**EXERCISE OBJECTIVE:** Lines in the records below that contain the word "Bastrop" must each be copied.

**SUPPLIED MATERIAL:**
********************

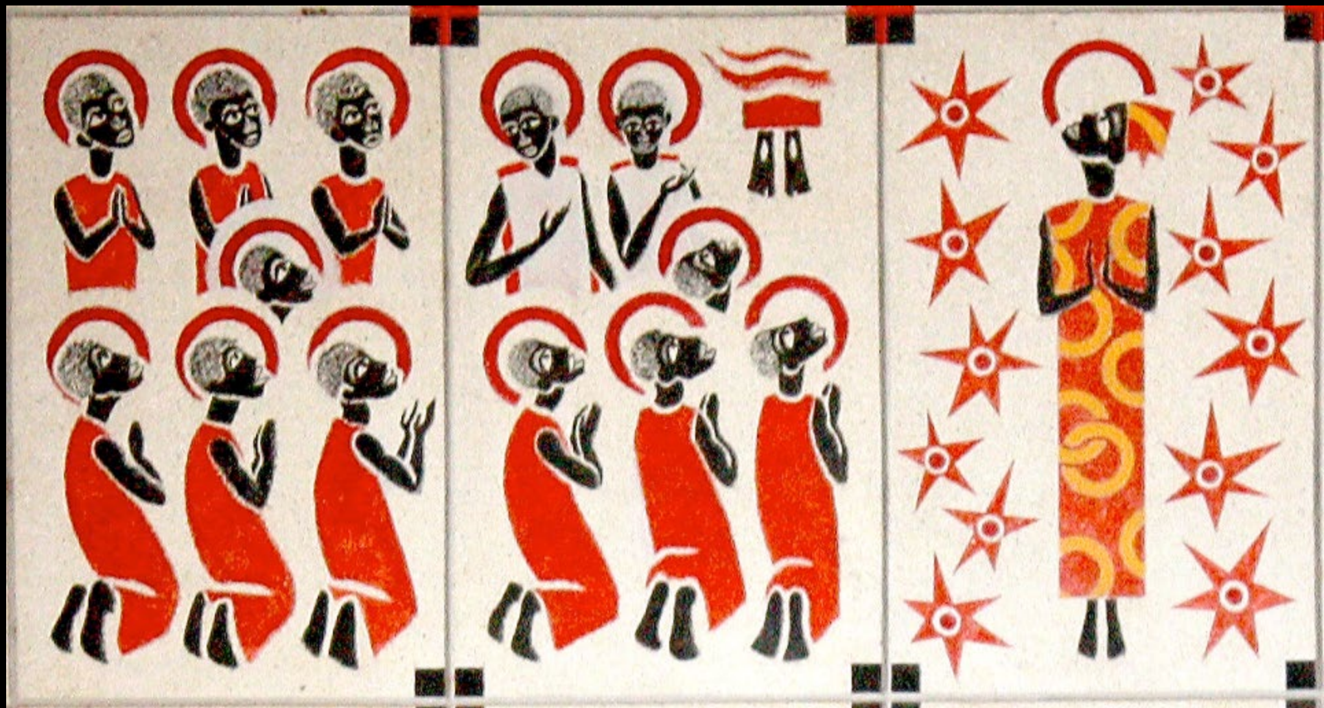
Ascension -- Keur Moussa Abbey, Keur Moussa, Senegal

********************

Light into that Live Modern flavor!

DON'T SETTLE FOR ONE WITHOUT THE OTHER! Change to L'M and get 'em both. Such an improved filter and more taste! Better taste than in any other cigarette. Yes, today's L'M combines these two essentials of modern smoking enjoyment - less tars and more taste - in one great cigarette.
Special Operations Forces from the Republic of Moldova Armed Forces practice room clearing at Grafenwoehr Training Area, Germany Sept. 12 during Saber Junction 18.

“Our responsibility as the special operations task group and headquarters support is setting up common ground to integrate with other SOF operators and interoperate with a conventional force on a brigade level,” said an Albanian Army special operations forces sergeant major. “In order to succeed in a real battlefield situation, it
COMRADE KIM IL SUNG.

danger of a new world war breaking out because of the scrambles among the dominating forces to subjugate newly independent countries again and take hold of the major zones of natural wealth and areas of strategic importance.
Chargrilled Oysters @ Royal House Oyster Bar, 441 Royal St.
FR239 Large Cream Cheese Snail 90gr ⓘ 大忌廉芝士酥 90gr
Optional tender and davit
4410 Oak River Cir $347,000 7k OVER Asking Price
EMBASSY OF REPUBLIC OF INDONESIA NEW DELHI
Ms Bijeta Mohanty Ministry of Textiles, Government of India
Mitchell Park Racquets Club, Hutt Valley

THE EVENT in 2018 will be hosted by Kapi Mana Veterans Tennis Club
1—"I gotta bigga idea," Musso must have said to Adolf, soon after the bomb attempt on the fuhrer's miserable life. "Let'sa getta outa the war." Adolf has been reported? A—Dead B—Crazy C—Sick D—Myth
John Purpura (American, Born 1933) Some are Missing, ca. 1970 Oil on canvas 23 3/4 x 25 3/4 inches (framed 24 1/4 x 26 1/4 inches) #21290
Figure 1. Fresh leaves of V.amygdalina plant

********************

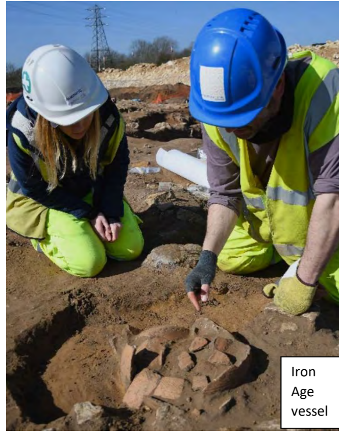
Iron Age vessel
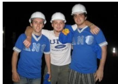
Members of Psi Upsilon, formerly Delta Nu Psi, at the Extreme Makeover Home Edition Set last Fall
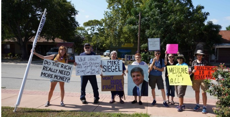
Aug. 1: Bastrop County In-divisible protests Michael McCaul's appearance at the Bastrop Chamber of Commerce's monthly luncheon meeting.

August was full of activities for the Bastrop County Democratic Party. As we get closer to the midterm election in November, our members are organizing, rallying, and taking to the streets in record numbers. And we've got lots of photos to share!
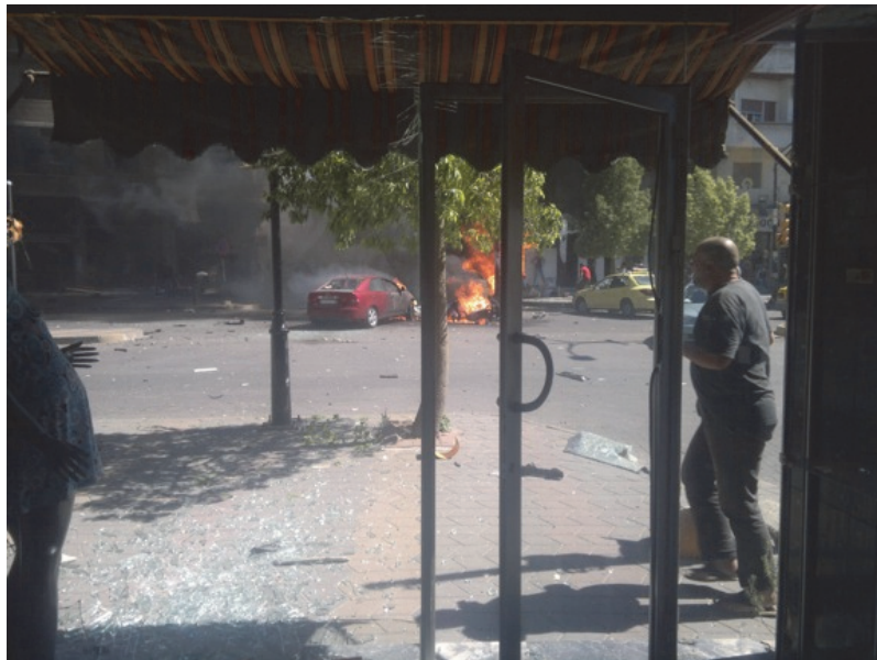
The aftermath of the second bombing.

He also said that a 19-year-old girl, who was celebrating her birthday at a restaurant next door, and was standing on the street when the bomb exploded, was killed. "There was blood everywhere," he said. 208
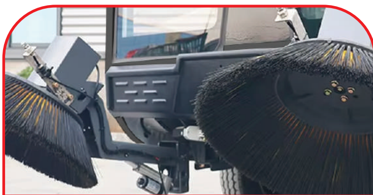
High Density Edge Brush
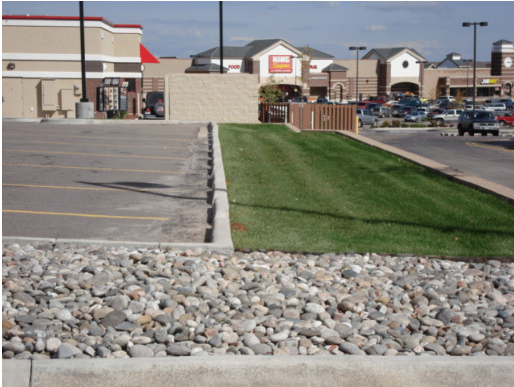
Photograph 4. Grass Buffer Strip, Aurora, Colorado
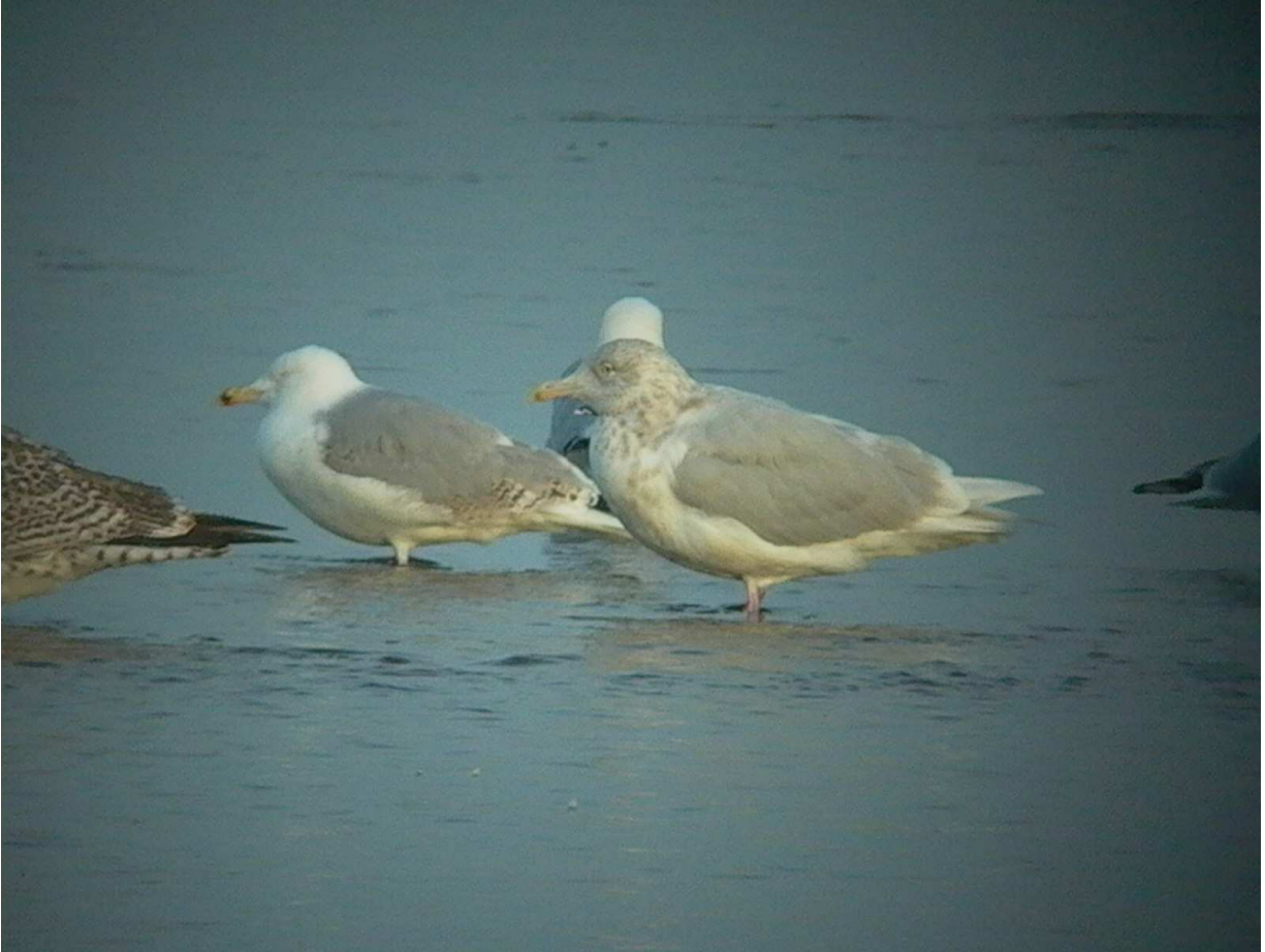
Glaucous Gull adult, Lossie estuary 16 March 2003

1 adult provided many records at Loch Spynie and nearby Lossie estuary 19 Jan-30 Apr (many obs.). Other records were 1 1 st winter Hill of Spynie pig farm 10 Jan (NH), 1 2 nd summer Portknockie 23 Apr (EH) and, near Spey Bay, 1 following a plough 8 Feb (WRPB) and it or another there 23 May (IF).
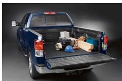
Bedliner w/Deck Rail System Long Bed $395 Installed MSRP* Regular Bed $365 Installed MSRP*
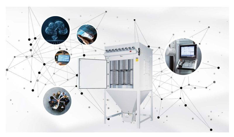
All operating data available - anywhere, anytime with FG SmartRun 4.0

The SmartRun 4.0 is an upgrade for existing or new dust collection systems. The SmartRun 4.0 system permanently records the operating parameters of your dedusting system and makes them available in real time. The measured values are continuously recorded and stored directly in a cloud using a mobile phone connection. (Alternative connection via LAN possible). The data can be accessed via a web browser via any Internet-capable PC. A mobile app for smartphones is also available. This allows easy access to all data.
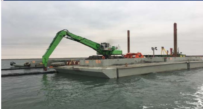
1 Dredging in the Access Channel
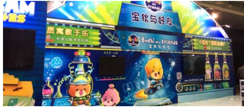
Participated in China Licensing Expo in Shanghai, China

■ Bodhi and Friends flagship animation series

********************

**YOUR SOLUTION:**
Aug. 1: Bastrop County In-divisible protests Michael McCaul's appearance at the Bastrop Chamber of Commerce's monthly luncheon meeting.
August was full of activities for the Bastrop County Democratic Party. As we get closer to the midterm election in November, our members are organizing, rallying, and taking to the streets in record numbers. And we've got lots of photos to share!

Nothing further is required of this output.